Why do I use net.zero_grad() and then go backward on loss. The gradient before and after execution is the same

Why do I use net.zero_grad() and then go backward on loss. The gradient before and after execution is the same

print(out)
target = Variable(t.arange(0,10)).float()
criterion = nn.MSELoss()
loss = criterion(out, target)
print(loss)
#梯度清0
net.zero_grad()
print("反向传播之前的conv1.bias的梯度")
print(net.conv1.bias.backward)
loss.backward(retain_graph=True)
print("反向传播之后的梯度")
print(net.conv1.bias.backward)

反向传播之前的conv1.bias的梯度
<bound method Tensor.backward of Parameter containing:
tensor([ 0.0900, 0.1849, -0.1985, -0.0836, -0.1590, 0.0689],
requires_grad=True)>
反向传播之后的梯度
<bound method Tensor.backward of Parameter containing:
tensor([ 0.0900, 0.1849, -0.1985, -0.0836, -0.1590, 0.0689],
requires_grad=True)>

  1. net.zero_grad() zeroes out grad attribute of every parameter in the net.
  2. loss.backward() computes gradients of every parameter w.r.t loss tensor.

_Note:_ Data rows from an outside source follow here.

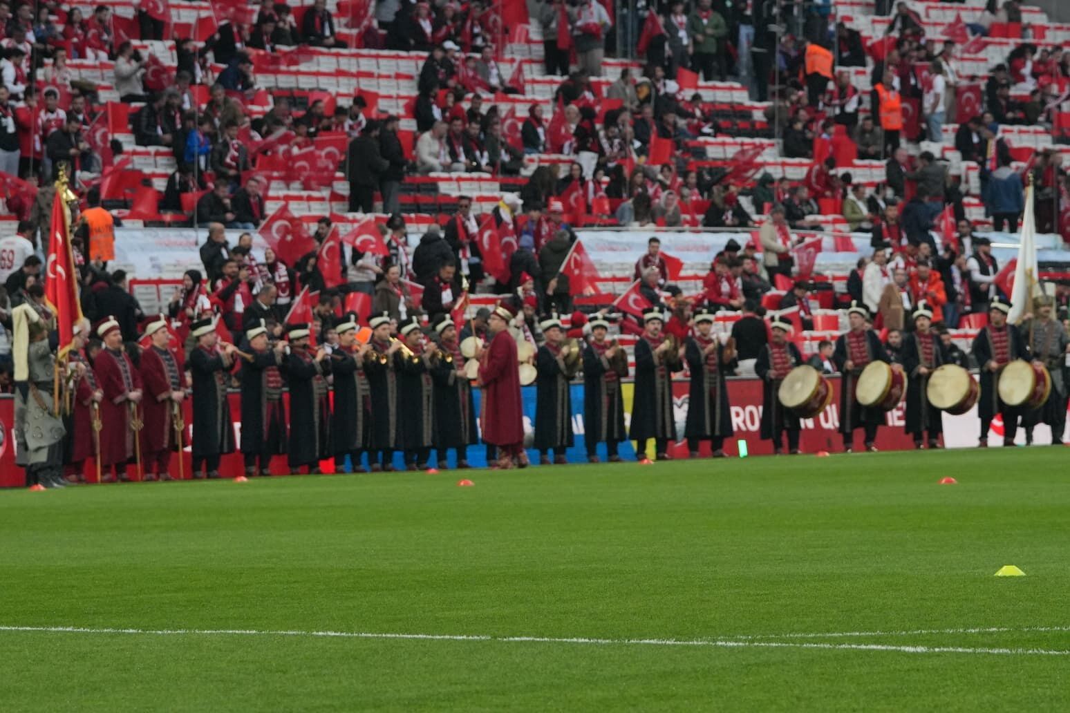 A Milli Futbol Takımımızın, 2026 FIFA Dünya Kupası Avrupa elemeleri play-off turu yarı final müsabakasında bugün Romanya ile karşı karşıya geleceği Beşiktaş Park’ta taraftarların çoşkusu dikkat çekti. Taraftarlar tribünleri kırmızı beyaza boyadı.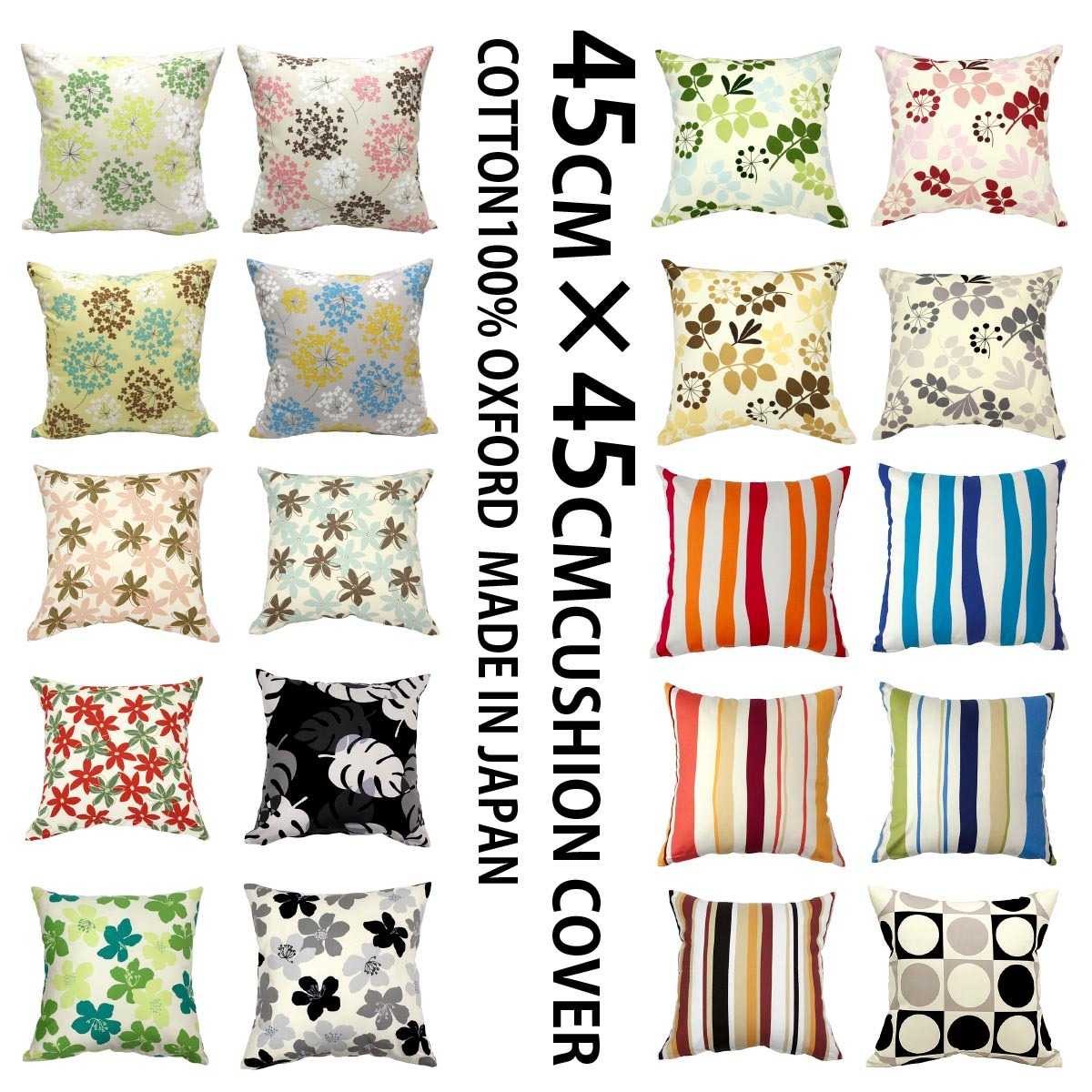 日本製 プリント クッションカバー 北欧柄 45×45 オックス生地 クッショ用 カバーのみ ファスナー式 おしゃれ かわいい 花柄 リーフ ドット メール便 綿100%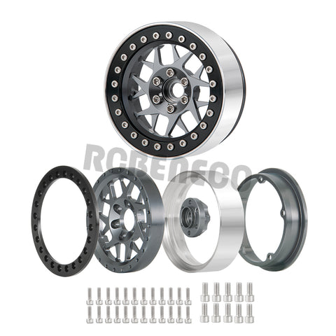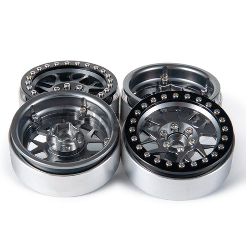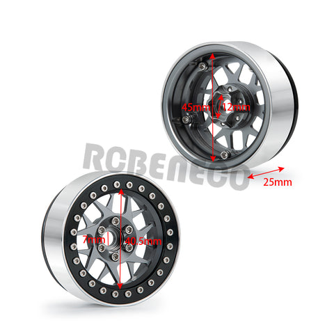 RCBENECO 4pcs 1.9" Alloy Metal Beadlock Wheel Rims For SCX10 TRX4 D90 CC01 TF2 1/10 RC Crawler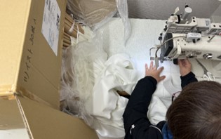 とにかく長い真っ白な生地、都度箱から出して開梱していると、生地が絡まったり、どこをどのように縫うのか迷ってしまったりするため、通常の方法では時間がかかり、ミスも発生しやすいと考えられました。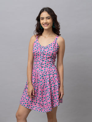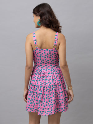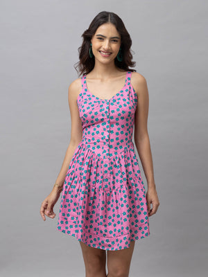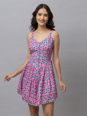 Embrace the vibrant spirit of the season with this delightful pink floral print mini dress. Designed for comfort and style, this dress is perfect for a variety of occasions, from a day at the beach to a casual shopping or an outdoor event.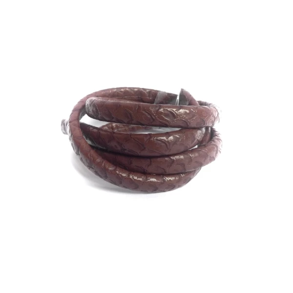 50cm Lanière simili cuir 6mm x 3,3mm de couleur marron foncé impression écaille

In order to see the gradient of a parameter, you can do print(net.conv1.bias.grad) instead of print(net.conv1.bias.backward).
backward as you see is a method and it is showing the actual parameters and not the gradients.

The fact that the parameters remain the same before and after backward() call is because you need to do optimizer.step() in order to update the parameters.

1 Like

you are right!
Thanks